507: Such small quantities are denoted by $\epsilon_1$, $\epsilon_2$,
508: $\dot\epsilon$, $\ddot\epsilon$, $\epsilon'$, $\epsilon''$, etc.;
509: and the value of $\epsilon$ on which they depend is either mentioned
510: explicitly or should be clear from the context.
511: 
512: Consider two random variables
513: $X$ and $Y$ with joint distribution $p(xy)$.  $T_\epsilon^n\big(X)$
514: is the usual typical set.  Sometimes we also need to consider
515: the set $S_{\epsilon,Y}^n(X)\triangleq\Big\{\mathbf{x}^n\,\Big|\,
516: T_\epsilon^n\big(Y\big|\mathbf{x}^n\big)\neq\emptyset\Big\}$.  Clearly,
517: $S_{\epsilon,Y}^n(X)\subseteq T_\epsilon^n\big(X)$.  But we also
518: know from~\cite[Ch.\ 5]{Yeung:01}, that
519: $\Big|\frac 1 n\log\big|S_{\epsilon,Y}^n(X)\big|-H(X)\Big|<\dot\epsilon$.
520: That is, although there may exist strongly typical sequences $\mathbf{x}^n$
521: for which there are no sequences $\mathbf{y}^n$ jointly typical with them,
522: these $\mathbf{x}^n$'s form a set of vanishing measure.
523: 
524: Some standard operations on sets are intersection
525: ($\mathbf{A}\cap\mathbf{B}$), union ($\mathbf{A}\cup\mathbf{B}$),
526: complementation ($\mathbf{A}^c$) and difference
527: ($\mathbf{A}\backslash\mathbf{B}$).   The set of all subsets of
528: $\mathbf{S}$ is denoted by $2^{\mathbf{S}}$.  The convex closure of $\mathbf{S}$
529: is denoted by
530: $\overline{\mathbf{S}}=\bigcap\big\{\mathbf{S}'\;\big|\;\mathbf{S}\subseteq
531: \mathbf{S}'\,\wedge\,\mathbf{S}'\mbox{ is closed and convex}\big\}$.

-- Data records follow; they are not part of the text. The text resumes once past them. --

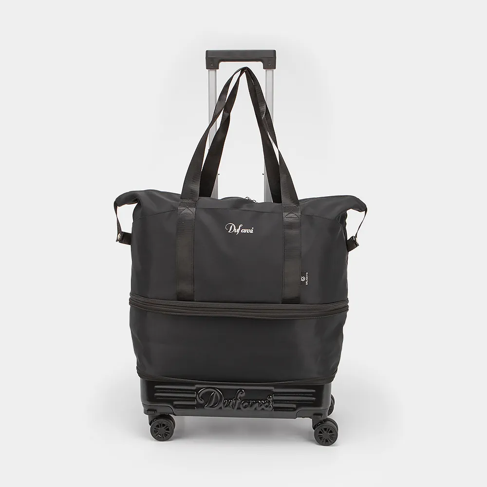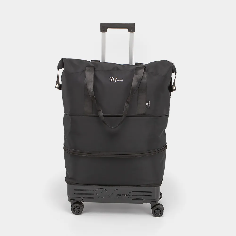 Практичная хозяйственная сумка-тележка от торговой марки Valigetti выполнена из плотной текстильной ткани черного цвета. Модель-трансформер с четырьмя двойными съемными колесами. В сложенном виде компактна и имеет две удлиненные ручки. В разложенном виде возможно два варианта сложения благодаря раздвижке на молнии. Сумка с выдвижной металлической ручкой. Глубокое отделение на молнии. На задней стороне - петля для крепления на выдвижную ручку и карман на молнии.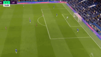 第76分钟,里卡多-佩雷拉禁区右侧横敲,球蹭到蓝军防守球员后变线,弧顶伊希纳乔抽射稍偏。门迪球门球传给詹姆斯,詹姆斯传给科瓦契奇,科瓦契奇带球失误被恩迪迪抢断,恩迪迪横传禁区中路,点球点附近伊希纳乔跟上抽射破门扳回一分,莱斯特1-2。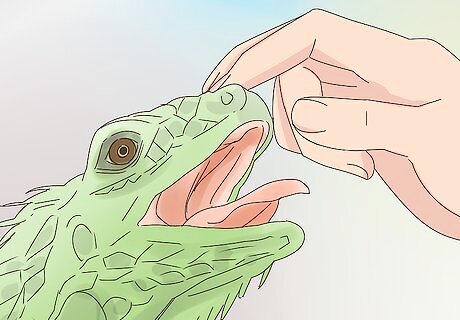 Look in its mouth for a bright pink mouth and tongue. Tap your finger gently on the iguana's nose, and it will usually open its mouth. You should see clear saliva, along with the pink tongue. A grayish or dull mouth could indicate sickness, as does stringy mucus. You may also see "cottage cheese" fungus or tiny fungus spots that may be green, yellow, or white. Avoid any iguana that displays these signs. If it doesn't open its mouth, you can gently try to pull it open.

532: Given a set $\mathbf{S}$, a cover of size $N$ of $\mathbf{S}$ is a
533: collection of sets $\mathcal{S}=\big\{\mathbf{S}_i:i=1...N\big\}$,
534: such that $\mathbf{S}\subseteq\bigcup_{i=1}^N\mathbf{S}_i$.  If a
535: cover further satisfies that $\mathbf{S}_i\cap \mathbf{S}_j=\emptyset$
536: ($1\leq i\neq j\leq N$), and that $\mathbf{S}=\bigcup_{i=1}^N
537: \mathbf{S}_i$, then we say that $\mathcal{S}$ is a {\em partition}
538: of $\mathbf{S}$.
539: 
540: Consider two sets, $\mathbf{A}$ and $\mathbf{B}$, for which
541: $P\big(\mathbf{B}\big|\mathbf{A}\big)=1$: clearly,
542: $P\big(\mathbf{A}\cap\mathbf{B}\big)=P\big(\mathbf{A}\big)$,
543: and hence $\mathbf{A}\subseteq\mathbf{B}$, except perhaps for
544: a set of measure zero.  If instead we have a slightly weaker
545: condition, namely that $P\big(\mathbf{B}\big|\mathbf{A}\big)>1-\epsilon$,
546: then we say that $\mathbf{A}$ is {\em weakly included} in $\mathbf{B}$,
547: and we denote this by $\mathbf{A}\subseteq_\epsilon\mathbf{B}$.
548: 
549: \subsection{Distributed Rate-Distortion Codes}
550: 
551: Consider two sources $X$ and $Y$, out of which random pairs of
552: sequences $\big(X^n,Y^n\big)$ are drawn i.i.d.~$\sim p(xy)$ from two
553: finite alphabets, denoted $\mathcal{X}$ and
554: $\mathcal{Y}$, and reproduced with elements of two other alphabets
555: $\hat{\mathcal{X}}$ and $\hat{\mathcal{Y}}$.  The two sources
556: $X$ and $Y$ are processed by two separate encoders.  The
557: {\em encoders} are two functions:
558: \[ f_1:\; \mathcal{X}^n \;\;\to\;\; \big\{1,2,\dots,2^{nR_1}\big\}
559:    \mbox{\hspace{1cm}and\hspace{1cm}}
560:    f_2:\; \mathcal{Y}^n \;\;\to\;\; \big\{1,2,\dots,2^{nR_2}\big\}.
561: \]
562: These encoding functions map a block of $n$ source symbols to discrete
563: indices.  The {\em decoder} is a function
564: \[ g:\;\big\{1,2,\dots,2^{nR_1}\big\}\times\big\{1,2,\dots,2^{nR_2}\big\}
565:        \;\;\to\;\; \hat{\mathcal{X}}^n \times \hat{\mathcal{Y}}^n, \]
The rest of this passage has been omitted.